■ Action item:
Starting with the line with "全场比赛结束,曼城2-0击败诺丁汉森林。" in the entries below and going on through the line with "PTA担当のブース「ジュース", output every line exactly and nothing more. No pictures.

■ Data for this exercise:
----------------------------------------

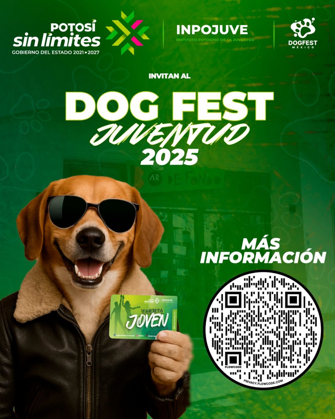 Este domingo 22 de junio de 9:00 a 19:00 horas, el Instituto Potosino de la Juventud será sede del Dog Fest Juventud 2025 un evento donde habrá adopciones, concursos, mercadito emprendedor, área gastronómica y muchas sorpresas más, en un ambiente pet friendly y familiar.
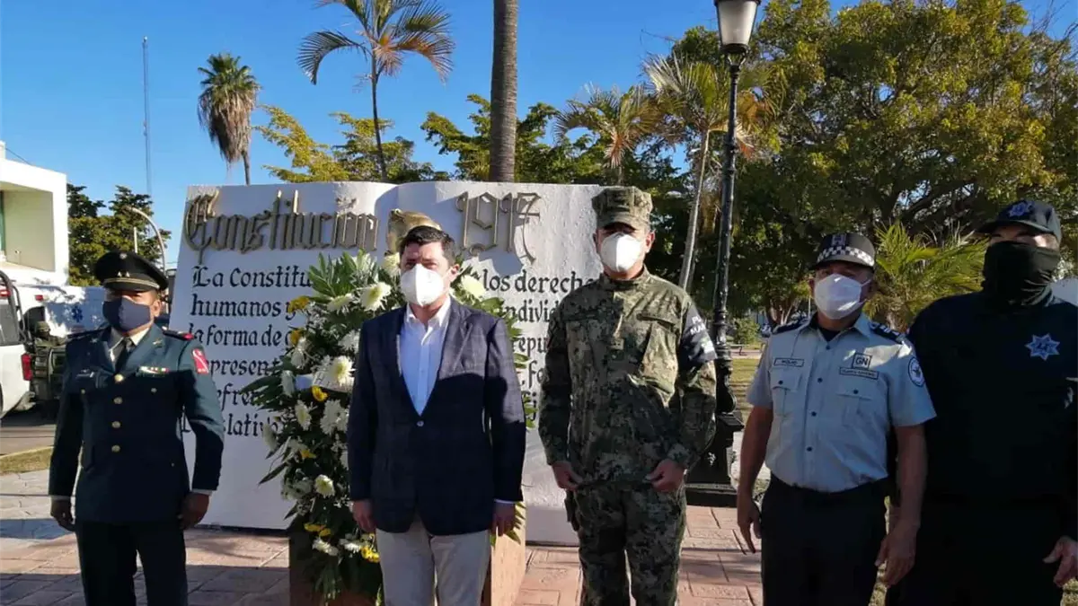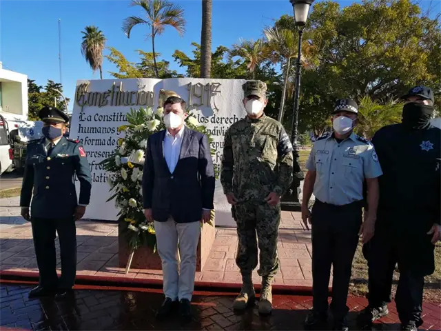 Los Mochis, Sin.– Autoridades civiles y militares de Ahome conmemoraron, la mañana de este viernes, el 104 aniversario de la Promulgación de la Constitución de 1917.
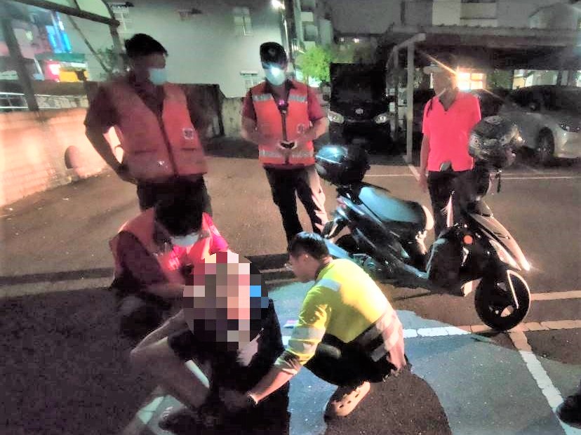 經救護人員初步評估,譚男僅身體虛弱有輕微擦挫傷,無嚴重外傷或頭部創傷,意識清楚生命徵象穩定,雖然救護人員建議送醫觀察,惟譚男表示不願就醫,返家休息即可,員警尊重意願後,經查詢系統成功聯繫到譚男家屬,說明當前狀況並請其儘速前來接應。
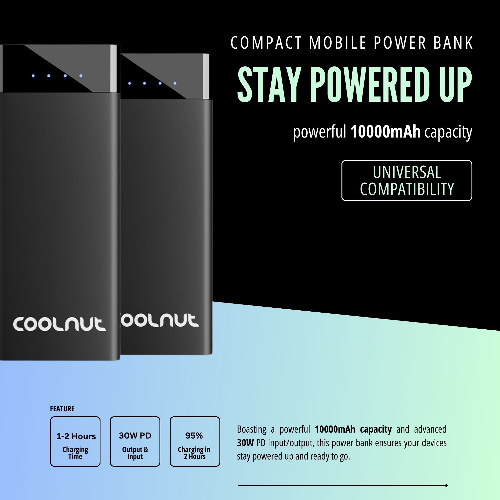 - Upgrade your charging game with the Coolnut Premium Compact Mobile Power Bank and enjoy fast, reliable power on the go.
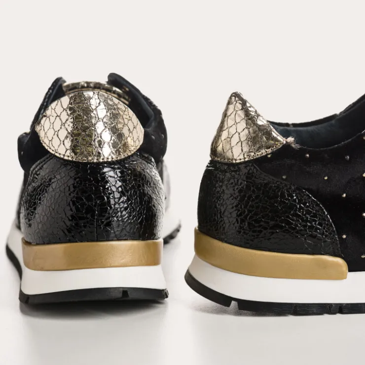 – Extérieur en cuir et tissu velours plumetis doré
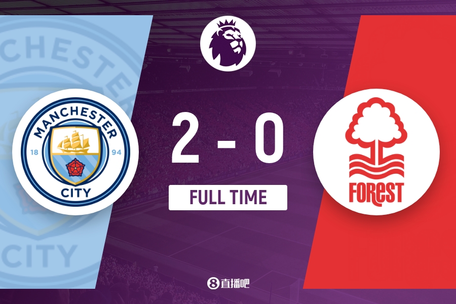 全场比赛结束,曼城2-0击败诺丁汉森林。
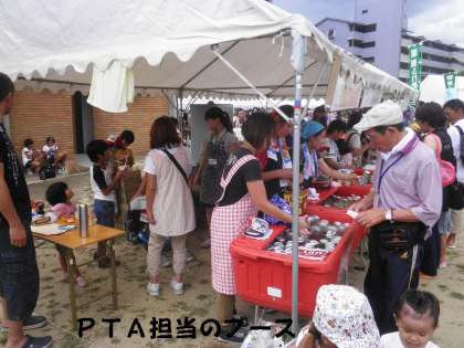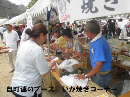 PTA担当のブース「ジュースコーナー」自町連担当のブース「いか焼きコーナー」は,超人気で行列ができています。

----------------------------------------

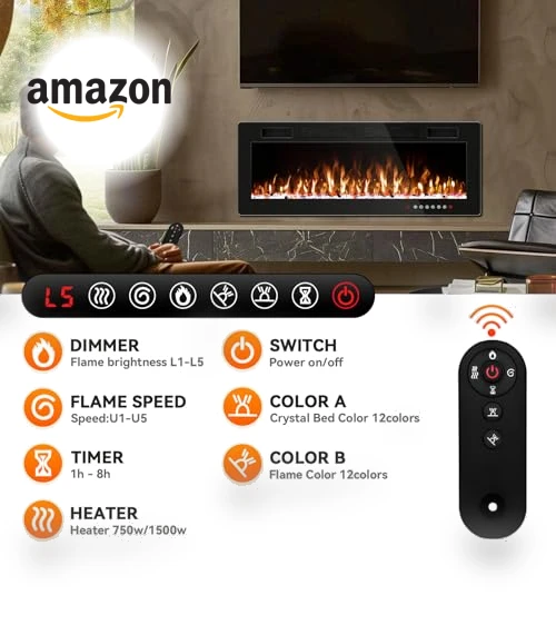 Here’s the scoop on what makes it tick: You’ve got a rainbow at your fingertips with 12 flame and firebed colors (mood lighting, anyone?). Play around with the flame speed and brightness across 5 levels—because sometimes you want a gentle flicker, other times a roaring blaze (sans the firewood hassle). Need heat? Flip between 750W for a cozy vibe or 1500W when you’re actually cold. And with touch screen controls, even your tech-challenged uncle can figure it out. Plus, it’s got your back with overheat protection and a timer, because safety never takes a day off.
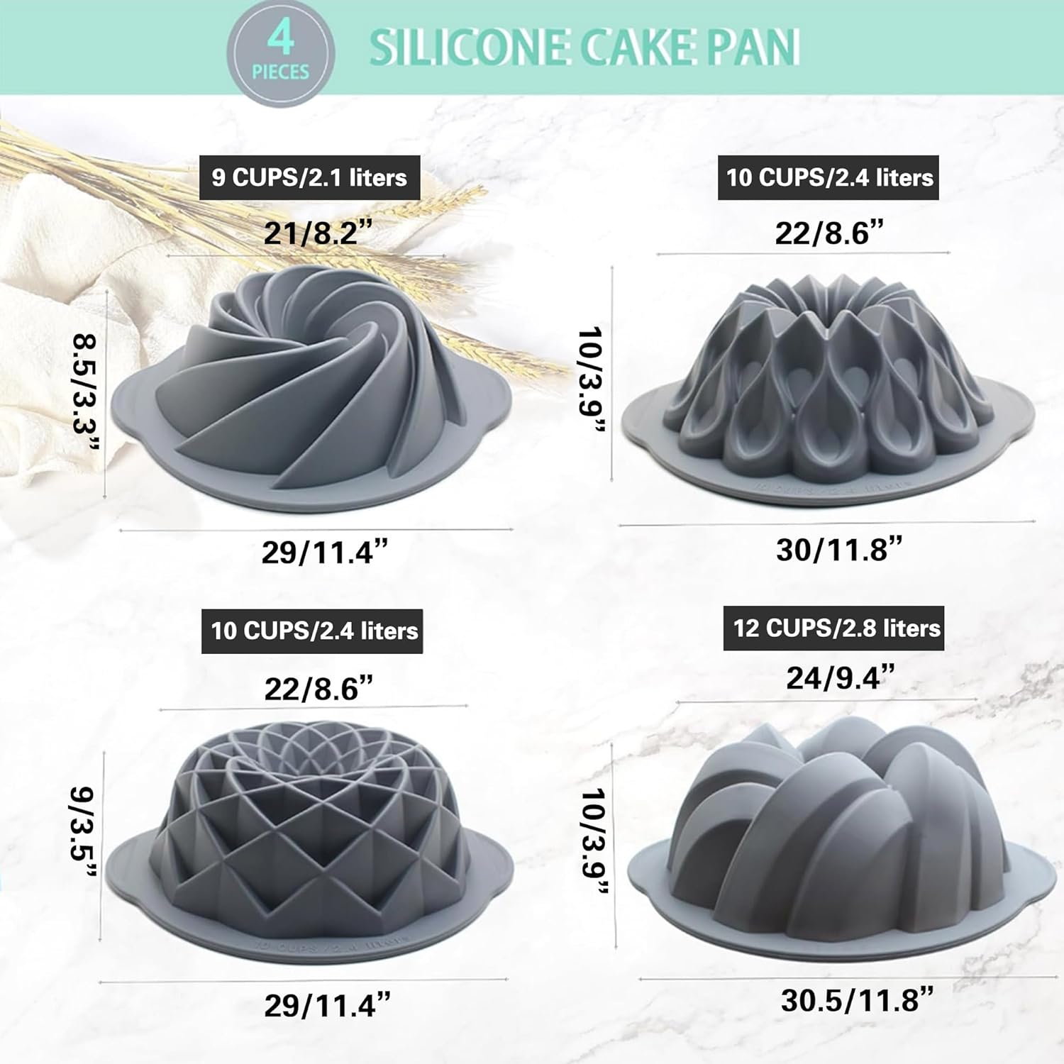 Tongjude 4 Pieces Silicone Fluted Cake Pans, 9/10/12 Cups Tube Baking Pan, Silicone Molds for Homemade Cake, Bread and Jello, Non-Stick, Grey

----------------------------------------

■ Task answer:
 全场比赛结束,曼城2-0击败诺丁汉森林。
 PTA担当のブース「ジュースコーナー」自町連担当のブース「いか焼きコーナー」は,超人気で行列ができています。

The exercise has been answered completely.